Changing the order without saying so is at best sneaky, at worst dishonest.
it is actually neither. Unless you consider your compiler and processor to be "sneaky or dishonest"...
That's pretty silly. I don't expect my compiler to try to make arguments and present evidence in a honest and straightforward manner -- I do expect that from human interlocutors, and it's clear that humans changed the code to make it look more similar than it is, without mentioning anything about it.
That's the problem. we were having a technical discussion between people that _understood_ how this worked. We tried having it here and there was a demand to see what was being done. Several produced the incomplete results available so far. And now it seems we were dishonest for showing data that anybody familiar with the process would instantly understand. It was not intended to be dishonest, and that is why more data is not presently forthcoming, so that more can be completed, cross-checks, and displayed in a way that won't generate hundreds of questions and claims of dishonesty.

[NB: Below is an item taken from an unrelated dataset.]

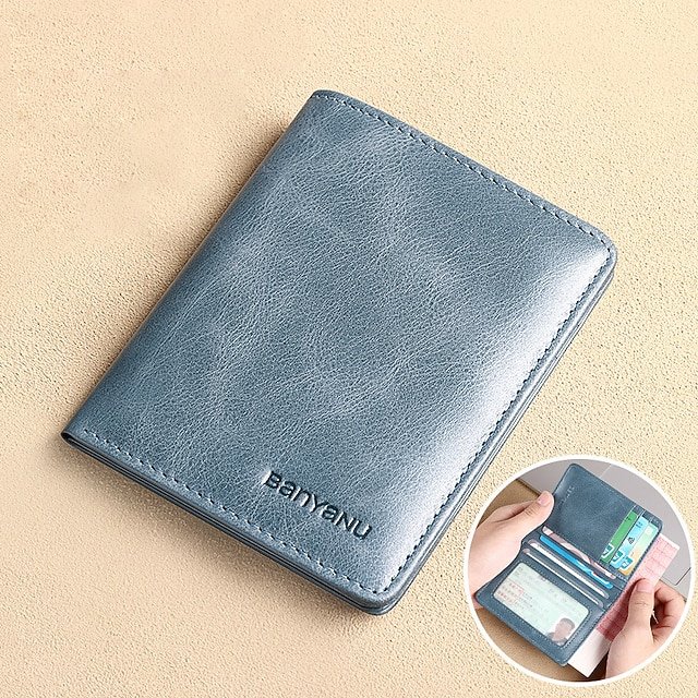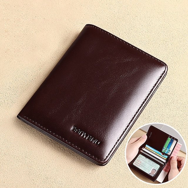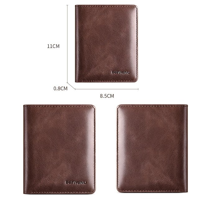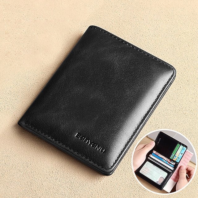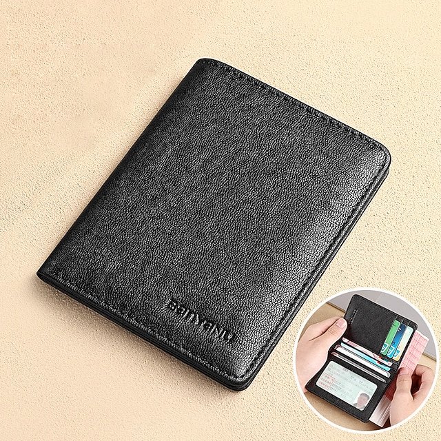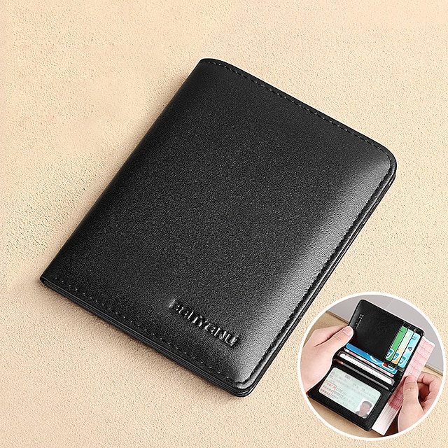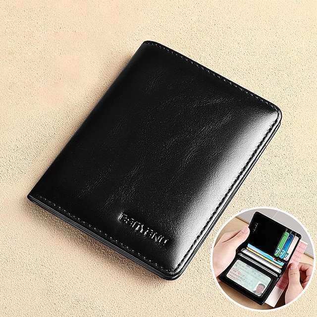 Gender: Men’s, Type: Credit Card Holder Wallet, Material: Leather, Pattern: Solid Color, Occasion: Shopping, Holiday, Daily, Outdoor, Width (cm): 0.8, Length (cm): 8.5, Height (cm): 11, Function: Waterproof, Lightweight, Large Capacity, Durable, RFID Blocking, Category: Wallet,

if you ask a good compiler guy about this, he would not think twice about what is being discussed here, it would be expected. At some point, the idea solution would be to take source A, and executable B that some believe contains parts of A in it, and decompile to C. And show that step first. And then start the "massaging" to undo the various tricks the compiler used to speed up the code, and show that. And then try to massage the resulting C', order, names, and such, to maintain semantic equality with B, but while attempting to make it match A as closely as possible. The closer they can be made to match, the more code A and B then have in common. If they could be made to match perfectly (which we do not expect since we know A and B play differently) then we would have established absolute proof that B came from A. As it is, we might find that significant parts can be made to match up, so we know that significant parts came from A. Or we might not be able to show much at all came from A.
Work continues. new results are coming daily. And they are being carefully checked. And one day everyone will see everything that has been found and can make an intelligent judgement on the results. Without all the name calling, claims of dishonesty and dark motives and such.
Just let the "process" proceed at the only pace it can proceed at, which is limited by individual's ability to spend X hours a day on this. And sooner, rather than later, there will be something to look at that is more polished and easier to follow than what has been shown to date. I'd rather see the ongoing discussions carried out here, but these threads simply make that impossible.
In the past, we were able to do this. For crafty clone claims, someone would post some evidence, I would analyze and post more evidence, and we would carry out the investigation in the open where everyone could follow it in real-time. But that didn't work in this case, for obvious reasons...
So, we wait.